Она лежала в темноте и исследовала свою душевную рану. Рана была двойная. Одна — от потраченного зазря сострадания к несуществующим, гениально выдуманным и бесчеловечно убитым детям, особенно к Диане. Болело вроде ампутированной ноги — несуществующее. Фантомная боль. Хуже того — никогда и не существовавшее. И вторая — обида за себя самое, глупого кролика, над которым совершили бессмысленный опыт. Или смысл какой-то был, но недоступный пониманию…
Снова кто-то тихо постучал в окно. Ее звали. Но Женя не откликнулась — невозможно было представить себе выражения лица Айрин, которая сразу же догадалась бы, что разоблачена… И ее голоса… И своего собственного стыда перед стыдом этого стыда… Женя пролежала, не засыпая, до того часа, пока не погас свет на террасе. Тогда она встала, зажгла маленькую лампочку на стене и покидала в чемодан все вперемешку — чистое, грязное, игрушки, книжки. Только Сашкины резиновые сапоги сообразила завернуть в грязное полотенце.
Ранним утром Женя с Сашкой вышли из дому с чемоданом. Они пошли к автобусной станции, и Женя не знала, куда они дальше двинутся.
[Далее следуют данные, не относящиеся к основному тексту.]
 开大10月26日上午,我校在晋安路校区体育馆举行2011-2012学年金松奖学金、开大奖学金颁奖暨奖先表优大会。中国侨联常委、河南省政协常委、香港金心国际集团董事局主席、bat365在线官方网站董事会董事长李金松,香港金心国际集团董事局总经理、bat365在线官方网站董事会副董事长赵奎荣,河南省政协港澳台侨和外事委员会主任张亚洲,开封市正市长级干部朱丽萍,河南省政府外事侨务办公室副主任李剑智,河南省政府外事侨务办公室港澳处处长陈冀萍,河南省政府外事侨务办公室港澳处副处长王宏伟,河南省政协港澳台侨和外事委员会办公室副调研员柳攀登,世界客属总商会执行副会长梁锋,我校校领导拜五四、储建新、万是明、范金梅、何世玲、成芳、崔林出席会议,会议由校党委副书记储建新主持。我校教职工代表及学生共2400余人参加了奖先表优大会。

Может, в Москву. Но там, на станции, стоял один-единственный старый, чуть ли не довоенный автобус, на котором было написано «Новый Свет», и они сели в него и через два часа были совсем в другом месте.
Сняли комнату возле моря и прожили там еще три недели. Сашенька вел себя идеально: никаких истерических припадков, которые так беспокоили и Женю, и врачей. Он ходил босиком вдоль воды, забегая на мелководье и топая по воде голыми пятками. И ел, и спал. Похоже, он тоже перешел какой-то рубеж очередного созревания. Как и Женя.
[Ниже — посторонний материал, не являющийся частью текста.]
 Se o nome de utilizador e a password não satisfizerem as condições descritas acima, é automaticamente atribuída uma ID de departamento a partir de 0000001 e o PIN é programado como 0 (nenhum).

В Новом Свете было чудо как хорошо. Еще цвели глицинии, и горы были совсем рядом, прямо за домом дыбился каменистый склон, по которому можно было за два часа добраться до аккуратно-округлой, по-японски устроенной вершины и смотреть оттуда на неглубокую бухту, на морские камни с древнегреческими именами, торчащие из воды от самого сотворения мира.
Но иногда вдруг прихватывало сердце: Айрин! Зачем она их всех убила? Особенно Диану…
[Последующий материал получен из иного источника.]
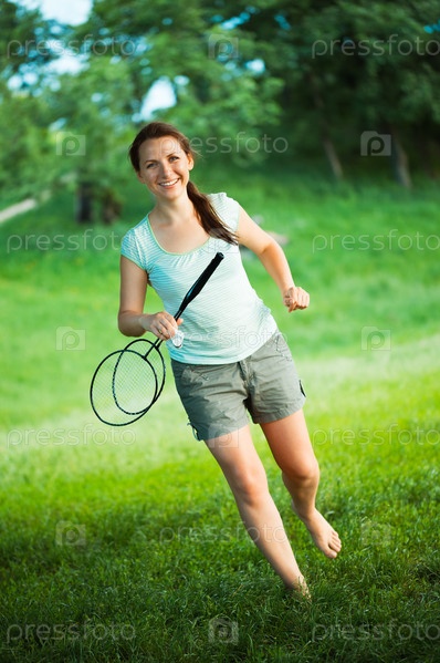 Улыбающаяся девушка с ракеткой для бадминтона в парке

С вечера поднялся низовой ветерок, он задирал бабам юбки и холодил ноги, а к утру пошел дождь. Молочница Тарасовна принесла трехлитровую банку утренней дойки молока и сказала Жене, что дождь теперь зарядил на сорок дней, потому что нынче Самсон. Женя не поверила, но расстроилась: а вдруг правда? Она с самого начала лета сидела в деревне с четырьмя — двумя своими, Сашкой и Гришкой, и двумя подброшенными, дружески-родственными, крестником Петькой и сыном подруги Тимошей. Четыре мальчика от восьми до двенадцати, небольшой отряд. С мальчиками Женя умела управляться, их природа была ясна, и предсказуемы были их игры, и ссоры, и драки.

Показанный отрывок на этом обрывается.